General characteristics
- Type: Tugboat
- Tonnage: 269 gross tons
- Displacement: 415 tons
- Length: 121 ft 6 in (37.03 m)
- Beam: 24 ft 6 in (7.47 m)
- Draft: 11 ft 2 in (3.40 m)
- Propulsion: not known
- Speed: 11 knots
- Complement: 38 officers and enlisted
- Armament: one 3-inch gun

= USS Penobscot (SP-982) =

Tugboat of the United States Navy

USS Penobscot (SP-982/YT-42/YTB-42) was a commercial harbor tugboat purchased by the U.S. Navy at the start of World War I. Penobscot performed her towing services for the 5th Naval District on the U.S. East Coast, and continued to do so for the 3rd Naval District through the end of World War II. She was finally retired from Navy service in 1947.

== Commercial activity ==

The second ship to be so named by the U.S. Navy, Penobscot (SP–982), a 121-foot-long harbor tug, was built as Luckenbach No. 5 by Risdon Iron Works, San Francisco, California, in 1904. Under the name Dauntless she operated on the Pacific Ocean Coast until 1916, then moved to the Atlantic Ocean seaboard.

== World War I service ==

She was acquired by the U.S. Navy from Luckenbach Steamship Company and placed in service 29 August 1917 as SP–982. Through World War I she served as a section patrol craft in the 5th Naval District, operating in Hampton Roads, Virginia, and the Elizabeth River. and in Italian waters during the remainder of World War I.

She also served in Europe, and suffered a fire off Villa Franca, Italy, on 5 October 1918 that took the life of one person.

== World War II service ==

Shortly after World War I she was redesignated YT–42 and assigned harbor duties in the 3rd Naval District.

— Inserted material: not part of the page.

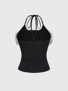 Canotta aderente retrò Y2K sexy con patchwork, stampa a lettere incrociate in pelliccia sintetica e collo alto

She was slated for replacement in 1939, but war extended her period of use to the Navy. Through World War II she continued to serve the Fleet as a tug in New York Harbor.

== Final decommissioning ==

Redesignated YTB 42 in May 1944, Penobscot remained active until 29 October 1945, when she was placed out of service at New York City. Struck from the Navy List 17 April 1946, she was turned over to the U.S. Maritime Commission 31 January 1947 for disposal.